May 24, 2004 00:45
I am starting to get really pissed off at my mom. She fuckin doesn't trust me at all and its really stupid. I go out my window to look at the stars cuz the night is really clear. My front door is noisy and there no way for me to go out that way without waking her up and I don't want her to wake up. So i'm outside looking at the sky and just taking in the peacefulness of the night. When I realize that my light somehow turned on. I'm fuckin sure it was off when I left and now its on. WTF either I got ghosts or it was my mom trying to check up on me. WELL SHE CAN GO FUCK HERSELF I DON'T NEED TO BE AROUND SOMEONE SO FUCKIN NOISY. I haven't fuckin done drugs in the longest of times. I only left through my window not to wake her up just showing consideration. I'd go out back but my house is in the fucking way. I'm really pissed and tired and feel like ranting at the moment. Other then that I can't wait to get out of the hell hole and move into the dorm rooms where I won't have someone breathing down my back 24/7.
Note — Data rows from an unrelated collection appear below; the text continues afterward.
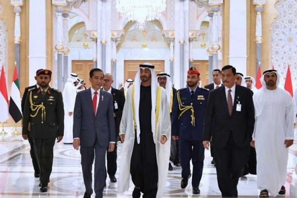 Dalam kunjungan ke UEA, Presiden Joko Widodo disambut dengan hangat oleh Putra Mahkota UEA Mohamed Bin Zayed (MBZ) di Istana Qasr Al Watan, Abu Dhabi, Minggu (13/1/2020), dilanjutkan dengan sejumlah pembicaraan kerja sama.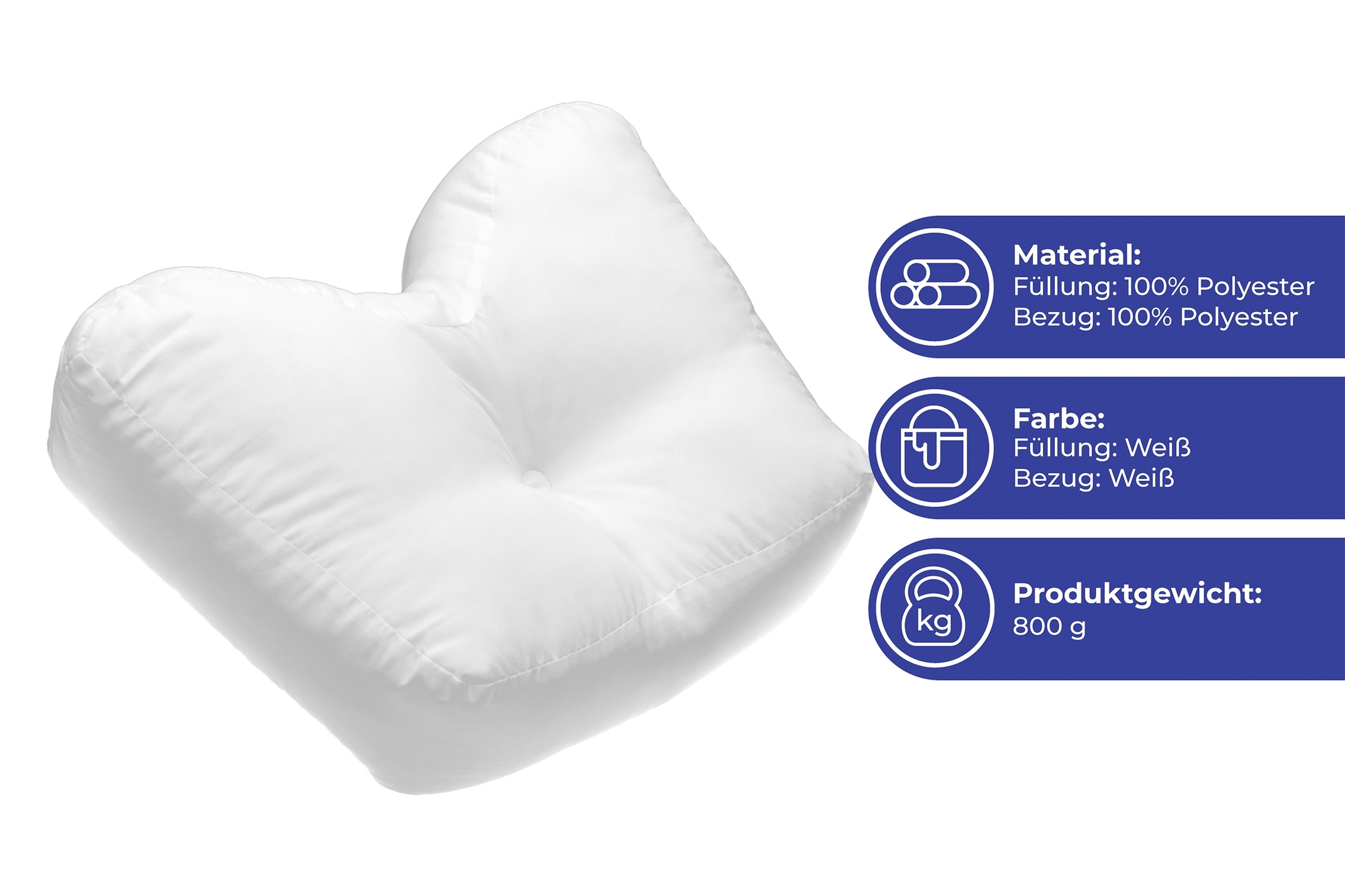 · Bezug mit Reißverschluss, Seitenschläferkissen - Für ruhigen Schlaf und einen frischen Start in den neuen Tag Ca. zwei Drittel alle Menschen schlafen auf der Seite. Dadurch gerät die Nackenwirbelsäule in eine Schieflage, das Ohr wird gequetscht und die Schulter stark belastet. Traditionelle, quadratische Kissen werden mehrmals pro Nacht zurechtgeknuddelt, um eine bequeme Schlafposition zu finden. Vielen Nackenstützkissen fehlt der Kuschelfaktor. Dieses Seitenschläferkissen ist eine echte Innovation: Die Schulter-Aussparung. Die Schulter wird nicht mehr abgeknickt und befindet sich stets in einer bequemen Lage. Der Arm schläft nicht mehr so schnell ein. Die Ohr-Vertiefung. Das Ohr liegt sanft in einer kleinen Kuhle und wird nicht abgequetscht. Die Dicke des Kissens. Das Kissen ist mit 16,5 cm deutlich dicker als ein herkömmliches Kissen. Die Hochbausch-Fasern sehr gut ihre Form und vermeiden effektiv ein Plattliegen des Kissens. Das gibt besten Halt und bringt die Nackenwirbelsäule in eine entlastende, gerade Liegeposition. Die “Kuschelohren“. Sie ermöglichen das bequeme Einkuscheln - das Umarmen“ - was mit den meisten Nackenstützkissen nicht möglich ist. Seitenschläfern ermöglicht dieses Kissen eine optimale Liegeposition für einen ruhigen, erholsamen Schlaf. Maße: ca. 52 x 40 x 16,5 cm, 800g. Füllung: antiallergische 3D-Hochbausch-Polyester, außen Mikrofaser. Mit Bezug aus 100 % Polyester. Bezug abnehmbar und bei 30º maschinenwaschbar, trocknergeeignet. Der Bezug besteht aus 100% Polyester. Die Füllung ist aus 100% Polyester gefertigt.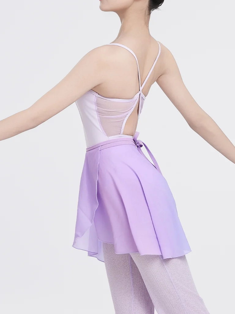 This dance half-skirt is made from a light and airy chiffon fabric. With its unique ombre coloring and convenient pull-on design, it adds an elegant artistic touch to a dancer's practice. The fluid lines and dreamy colors make every movement full of graceful beauty.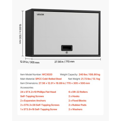 VEVOR Mobiletto da Parete in Metallo, 770 x 305 x 356 mm, Mobiletto Portautensili Sospeso con Ante a Ribalta, Capacità di Carico 54,5 kg per Garage, Cantina, Cucina, Montaggio Richiesto

Also people really piss me off. There many people who owe me money and its starting to get retarded. I'm so close to hurting them if they don't fuckin pay me back soon. I'm too nice to deserve people holding money from me. If I fucking let you borrow $60 because you a fuckin coke addict and you don't want you mom to find out that you spent your money you better sure as hell pay me back or you are going to be sniffing blood up your nose for a long ass time.